[XML-SIG] Is anyone implementing EXI in Python?

Fri Jul 17 10:06:01 CEST 2009

Hi,

Stanley A. Klein wrote:
> On Wed, 2009-07-15 at 22:26 +0200, Stefan Behnel wrote:
>> A well chosen compression method is a lot better suited to such
>> applications and is already supported by most available XML parsers (or
>> rather outside of the parsers themselves, which is a huge advantage).
> 
> It depends on the nature of the XML application.  One feature of EXI is to
> support representation of numeric data as bits rather than characters. 
> That is very useful in appropriate applications.

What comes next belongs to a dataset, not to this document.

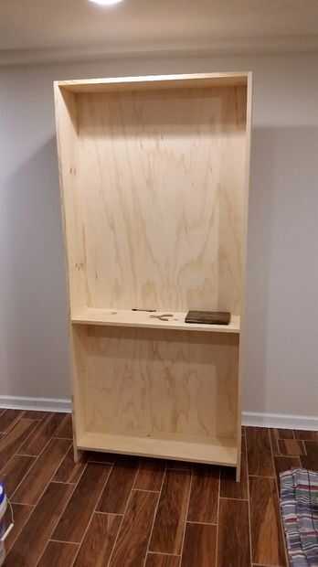 A continuación tienes que construir tú librería. La imagen de arriba muestra mi Swing en la librería. Los lados, superior, inferior y estante central son tablas de 1 "x 10" y la parte posterior es una hoja de lija en madera contrachapada de 1/2". Perforar los laterales para estantes movibles, pero quería el estante central fijado para mayor estabilidad. Mi Swing en Librería tiene patas pequeñas en el lado para hacer la parte inferior de la misma altura que los casos de Swing Out y dejar suficiente espacio montar ajuste en la parte inferior. Desempolve sus habilidades de geometría para averiguar cómo amplia sus estantes pueden ser y aún encaja limpiamente en el marco de la puerta o revisa mi wiki http://spider.dnsdojo.net/mediawiki/index.php/Bookcase_Door para encontrar unas calculadoras de mano.
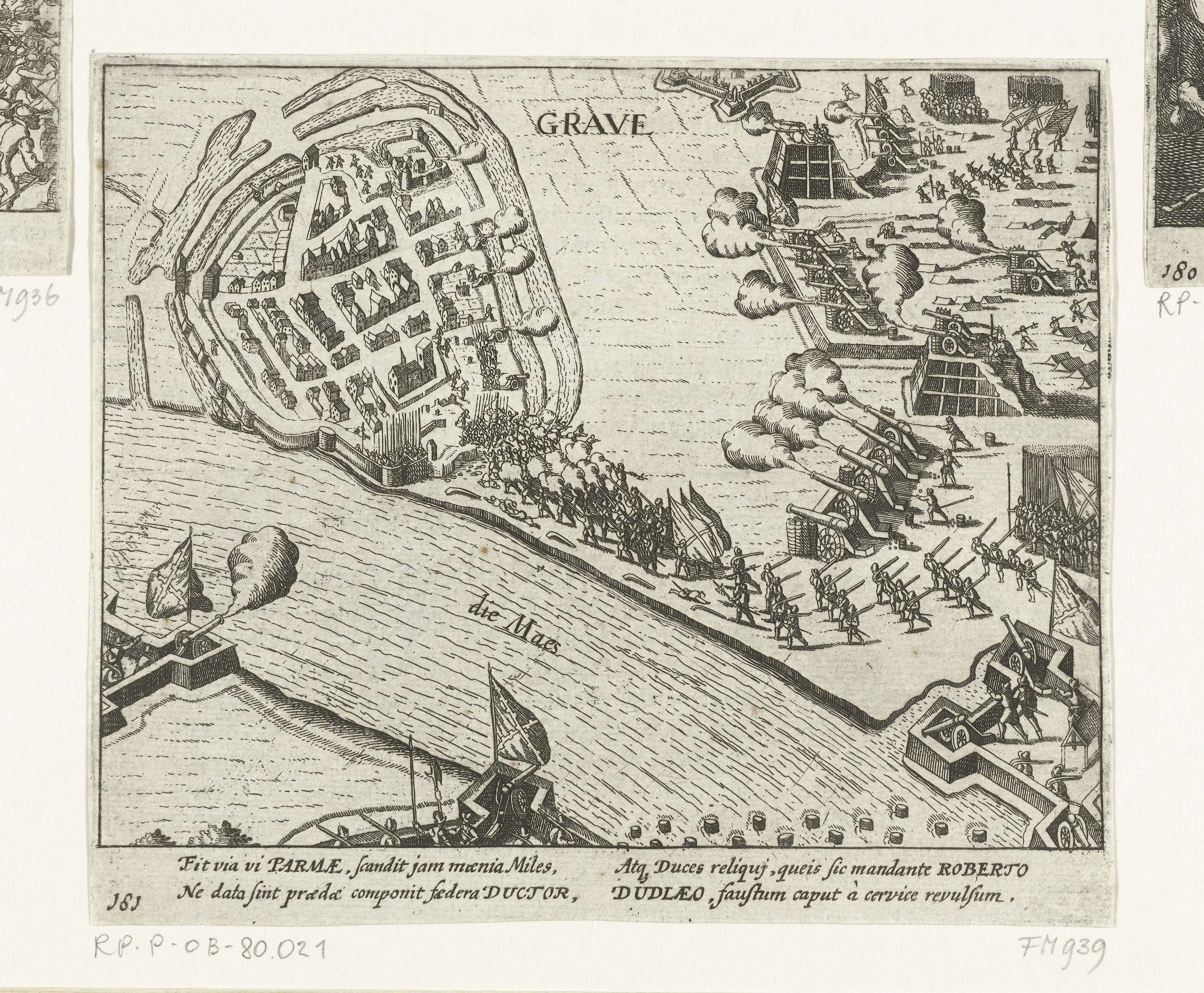 Beleg en inname van Grave door Parma, 6 juni 1586. Het leger van Parma bestormt een bres in de muren. Op de voorgrond de Maas. Met onderschrift van 4 regels in het Latijn. Genummerd 181. Bedrukt op achterzijde met tekst in het Latijn.

One drawback is that this requires a schema to make sure the number of bits
is sufficient. Otherwise, you'd need to add the information how many bits
you use for their representation, which would add to the data volume.

> There is a measurements
> document that shows the compression that was achieved on a wide variety of
> test cases.  Straight use of a common compression algorithm does not
> necessarily achieve the best results.

Repetitive data like an XML byte stream compresses extremely well, though,
and the 'best' compression isn't always required anyway. I worked on a
Python SOAP application where we sent some 3MB of XML as a web service
response. That took a couple of seconds to transmit. Injecting the standard
gzip algorithm into the WSGI stack got it down to some 48KB. Nothing more
to do here.

If you need 'the best' compression, there's no way around benchmarking a
couple of different algorithms that are suitable for your application, and
choosing the one that works best for your data. That may or may not include
EXI.

> Besides, EXI incorporates elements
> of common compression algorithm(s) as both a fallback for its schema-less
> mode and an additional capability in its schema-informed mode.

Makes sense, as compression also applies to text content, for example.

> EXI is intended for use outboard of the parser, and that would apply
> equally well to a Python version.  For example, EXI gets rid of the need
> to constantly resend over-the-wire all the namespace definitions with each
> message.  The relevant strings would just go into the string table and get
> restored from there when the message is converted back.

That's how any run-length based compression algorithm works anyway. Plus,
namespace definitions usually only happen once in a document, so they are
pretty much negligible in a larger XML document.

> However, for something like SOAP in certain applications, it may be
> eventually desirable to integrate the EXI implementation within the
> communications system.  The message sender could reasonably create a
> schema-informed EXI version without actually starting from and converting
> an XML object.  The recipient would have to convert the EXI back to XML,
> parse it, and use the data.

Ok, that's where I see it, too. At the level where you'd normally apply a
compression algorithm anyway.

> Numeric data is most efficiently sent as bits

Depends on how you select the bits. When I write into my schema that I use
a 32 bit integer value in my XML, and all I really send happens to be
within [0-9] in, say, 95% of the cases with a few exceptions that really
require 32 bits, a general run-length compression algorithm will easily
beat anything that sends the value as a 4-byte sequence. That's the
advantage of general compression: it sees the real data, not only its schema.

I do not question EXI in general, I'm fine with it having its niche
(wherever that turns out to be). I'm just saying that common compression
algorithms are a lot more broadly available and achieve similar results. So
EXI is just another way of compressing XML, with the disadvantage of not
being as widely implemented. Compare it to the ubiquity of the gzip
compression algorithm, for example. It's just the usual trade-off that you
make between efficiency and cross-platform compatibility.

Stefan